Tehdit suçu, silahla işlenmesi halinde, mağdur üzerinde korkutucu etkisini artırdığı ve eylemin icrasını kolaylaştırdığı ve faile cesaret verdiği nedenle, nitelikli hal sayılmıştır. Silah tanımı 5237 sayılı Türk Ceza Kanunu’nun 6/1-f maddesinde düzenlenmiştir. Silahın artırım nedeni olarak kabul edilmesi için, mutlaka ateşli bir silah olması gerekmemektedir. Silahın gerçeğe uygun olması ve korkutucu etki yaratması yeterli sayılmaktadır.

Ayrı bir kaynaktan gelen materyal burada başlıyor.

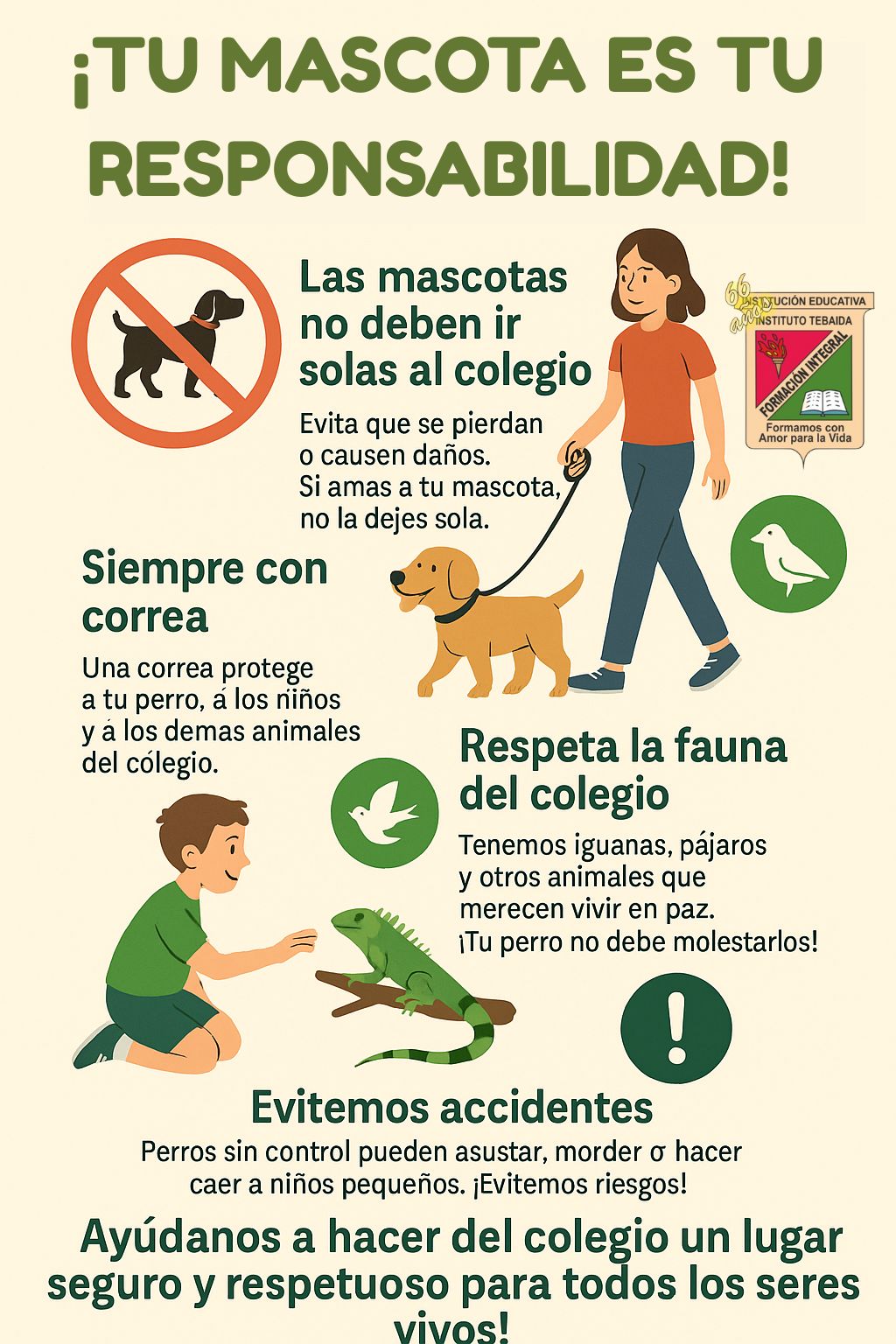 🎒🐾 ¡Cuidar a tu mascota es cuidar de todos! 🐶🐦🦎 En el Instituto Tebaida amamos a los animales y valoramos su presencia en nuestro entorno escolar. Por eso, te recordamos que la tenencia responsable de mascotas también es parte de la formación en valores. 🐕🦺 Evita traer perros sin correa al colegio: pueden perderse, asustarse,

Silahla tehdit suçundan failin tehdit sözü sarf etmesinin bir önemi bulunmamaktadır. Silahın doğrultulması ve ateş edilmesi ve mesafesi göz önüne alındığında, silahla tehdit suçu oluşmaktadır.

Tehdit suçunun bir diğer nitelikli hali, suçun birden fazla kişiyle birlikte işlenmesi halinde, mağdurun kendisini savunma olanağının ortadan kalkması ve tehdidin daha yoğun şekliyle işlenmesi ve korkutuculuğun daha etkili olması suretiyle gerçekleşmektedir. Bu suçun nitelikli halinin oluşabilmesi için en az iki kişi tarafından işlenmesi ve faillerin fikir ve eylem birliği içinde hareket etmesi ve her iki failin birlikte olması, mağdur açısından korkutucu gücünün mağdura yansıtılmış olması gerekmektedir. Eylemi bir fail gerçekleştirirken diğer failin korkutucu güç olarak yanında bulunmasının suçun oluşması için yeterli olduğu kabul edilmektedir.

Bunun dışında 5237 sayılı Türk Ceza Kanunu’nun 106/3 maddesi özel bir içtima kuralına yer vermektedir. Buna göre tehdit amacıyla kasten adam öldürme, yaralama veya mala zarar verme suçları işlendiği takdirde, ayrıca bu suçlardan da ceza verilmesi gerekmektedir. TCK 44 maddesinin bir istisnası olarak özel düzenlemeyle gerçek içtima kuralları uygulanmaktadır.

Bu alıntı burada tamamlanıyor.